Second Stage Management - The Rubik's Cube of Business
Several months ago, I spent time with two puzzles that my kids found at their grandparents’ house – a “15 Puzzle” and a Rubik's Cube™. The 15 Puzzle is flat, with 15 numbered squares and a space for a missing square – the challenge is to get the numbers in order by moving the pieces into the “open” space and rearranging them one square at a time. The Rubik’s Cube was an original from the ‘80s, and still had scattered colors because it had never been solved.
These two puzzles symbolize for me the change that I see as I work with small businesses that are changing from Stage 1 to Stage 2. Stage 1 businesses are complicated; as we know most fail. But Stage 2 businesses add a whole new dimension to that complexity. As a result, what worked in Stage 1 often does not work in Stage 2 – what’s needed are new ways of thinking and new approaches.

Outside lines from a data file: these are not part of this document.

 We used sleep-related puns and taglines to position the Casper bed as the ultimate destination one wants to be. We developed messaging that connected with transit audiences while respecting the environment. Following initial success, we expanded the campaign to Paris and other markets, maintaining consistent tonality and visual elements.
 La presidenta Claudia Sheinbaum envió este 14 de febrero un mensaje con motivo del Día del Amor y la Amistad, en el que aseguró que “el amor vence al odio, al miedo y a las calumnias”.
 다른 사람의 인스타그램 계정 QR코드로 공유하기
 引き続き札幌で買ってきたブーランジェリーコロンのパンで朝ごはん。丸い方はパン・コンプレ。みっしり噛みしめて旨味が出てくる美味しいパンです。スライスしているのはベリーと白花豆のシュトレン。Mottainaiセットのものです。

What does that mean for Stage 2 leaders?
Framing the issue is important. I had never solved a Rubik’s Cube, so I found directions for how to do it. The first thing I noticed was that the way I had always thought about solving it (one side at a time) does not work. I had always framed the problem, and the solution, incorrectly, and so my attempts were doomed before they started. Many times I see second stage leaders mis-understanding the problem they have, framing it in a way that makes sense for a business’ Stage 1 but will not solve the problem in a business’ Second Stage.

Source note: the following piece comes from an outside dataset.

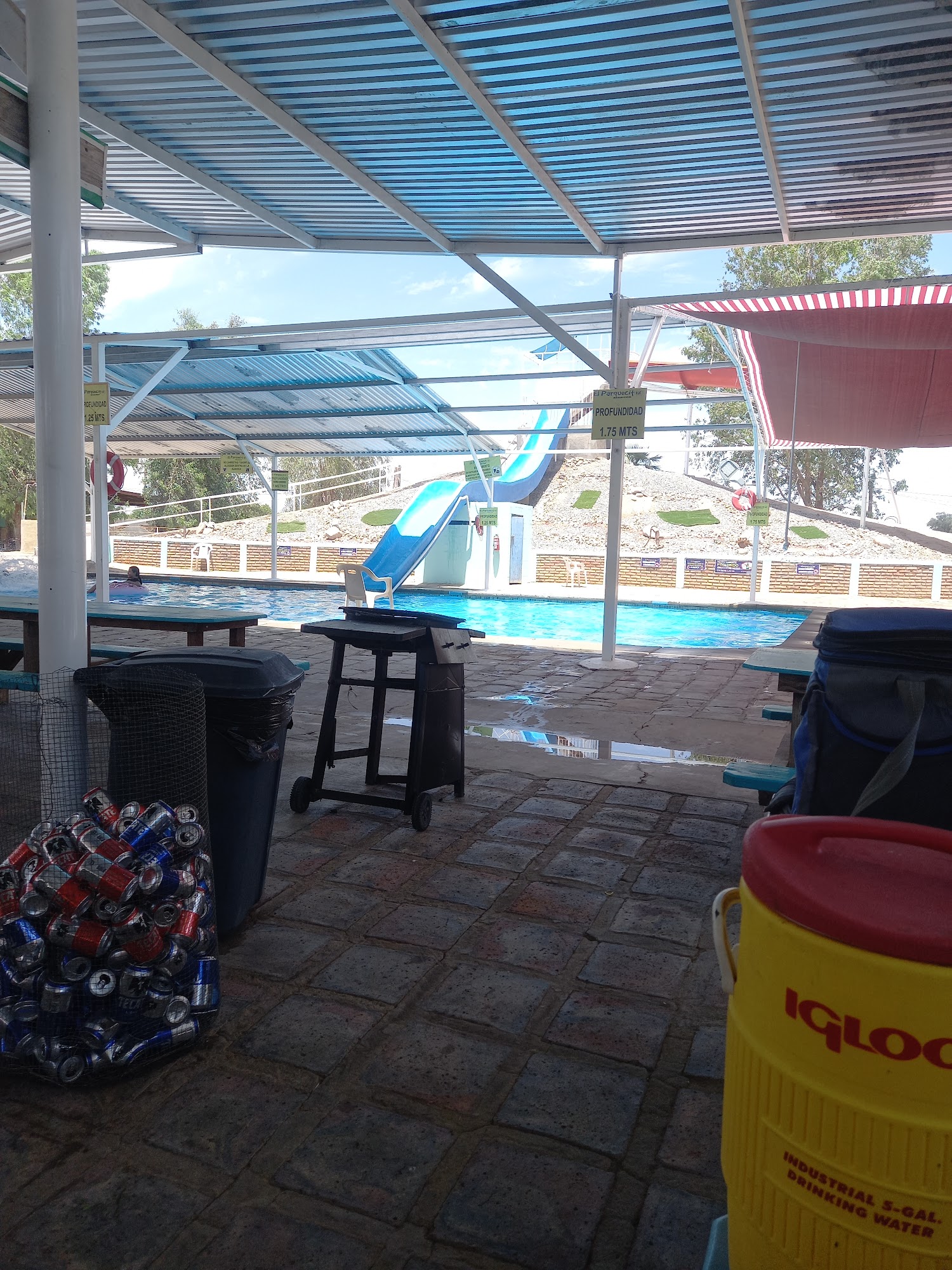 Es agradable el ambiente, probablemente no sea tan de su agrado si se engenta ya que suele llenarse demasiado, tanto en mesas como en el área de albercas, si es el caso le recomendaría ir entre semana; hay baños y regaderas así como una tiendita con diversos productos. Las albercas cuentan con sombra.
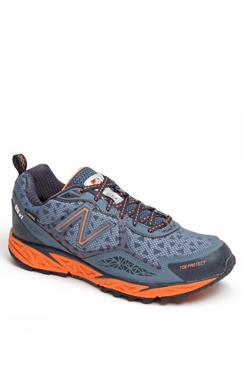 Blaze new trails in an ABZORB-enhanced running shoe designed with aggressive traction and rugged Rock Stop protection. A Gore-Tex membrane seals out moisture, while the N-LOCK external support system keeps you snug and steady. Color(s): navy/ orange. Brand: New Balance. Style Name: New Balance '910' Trail Running Shoe (Men). Style Number: 903414.

It helps to know the formulas. When solving the Rubik’s Cube, there is a set of formulas that works. Over and over. And there are endless other approaches that do not work. If you don’t know the formulas, solving the Cube is really hard – doable, but only after a lot of trial and error. If you do know the formulas, it takes practice, but it’s not terribly difficult. In Stage 1 businesses, trial and error is a good way to manage a highly uncertain situation. With second stage management issues, though, once you have framed the issue appropriately, most issues have a formula for solving them – but many second stage leaders try to solve it with continued trial and error instead of getting the formula.

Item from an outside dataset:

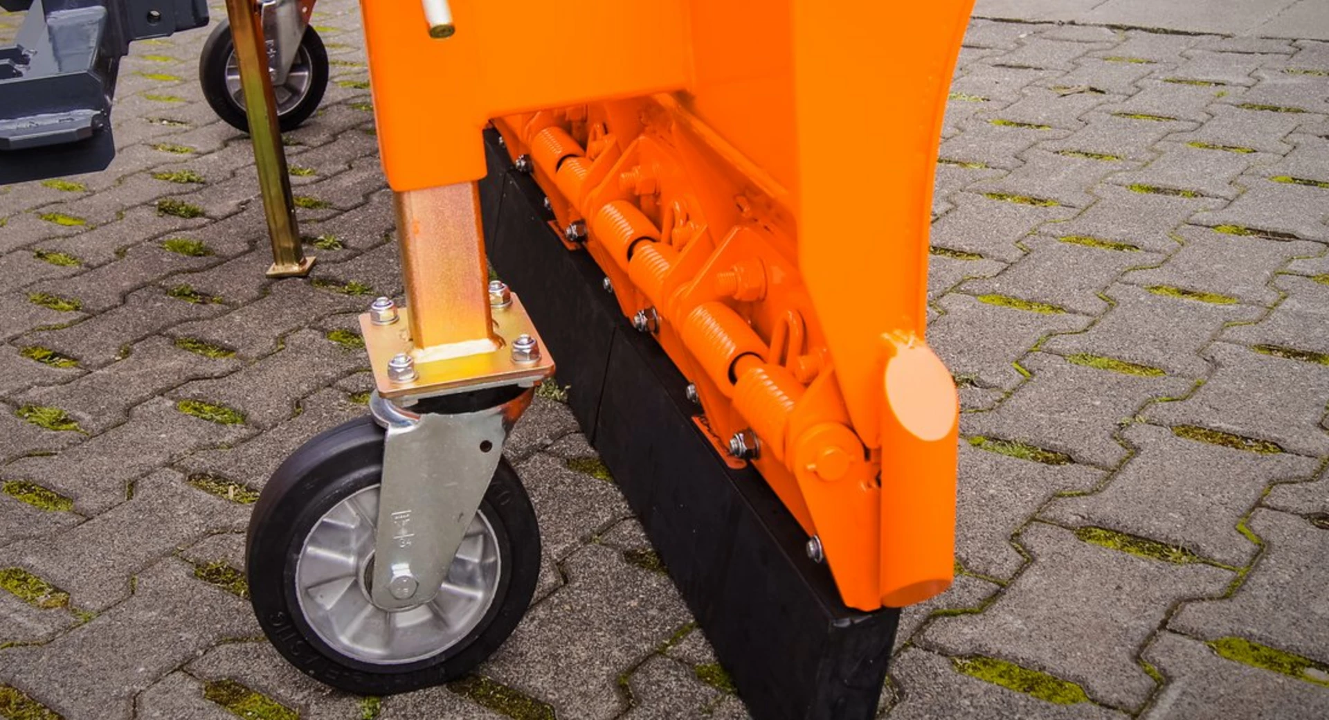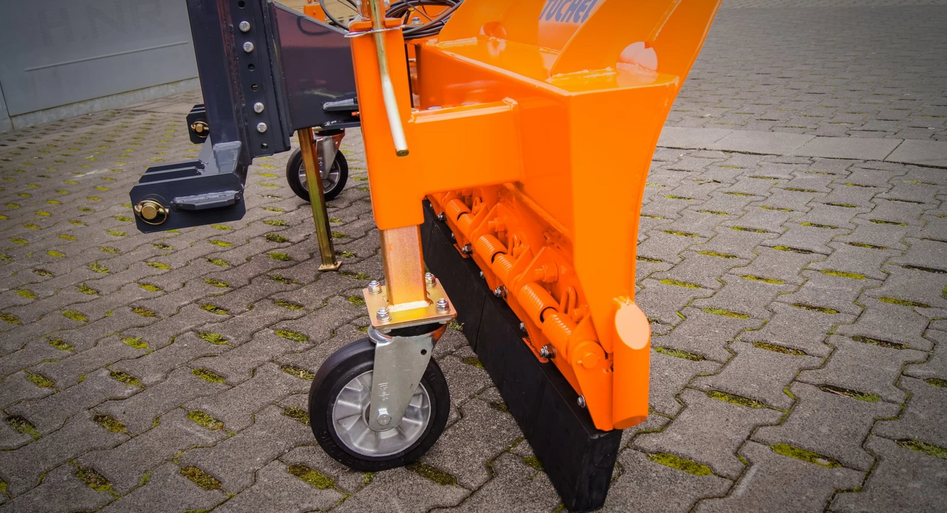 Zusätzlich sind stufenlos höhenverstellbare Lenkrollen und Randabweiser, welche das Schild vor Beschädigung schützen in der Grundausrüstung enthalten. Das Schild hat einen optimierten Neigungswinkel, wodurch ein sauberes Schrägstellung bis 30° bis 30° bis 30° bis 30° Räumergebnis und eine maximale Laufruhe erzielt werden.
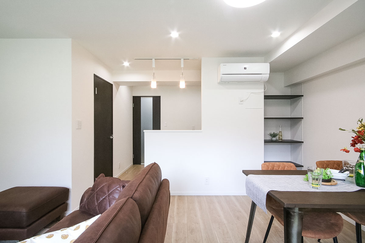 室内はリノベーション済み。広さは49.50㎡の1LDKタイプです。5.8帖の洋室にLDKが15.99帖とゆったりとした間取りでした。リビングがワイドタイプなのも、家具の配置がしやすく住みやすいと思います。

You need a systemic approach. With the two-dimensional “15 puzzle,” my 9-year-old son experimented his way to a solution without it taking too much time. (He now solves it regularly in less than 2 minutes.) With the Cube, he didn’t come close and still doesn’t. When I learned to solve it, I had to get comfortable that, if my overall approach was right, and I was following the formula, then there would be times when an individual move looked like it was making a mess, but it was really part of the solution. In the same way, the complexity of a Stage 2 business sometimes requires leaders to deconstruct what they have already built (something that is very hard for Stage 1 leaders to do) so that they can build a new way.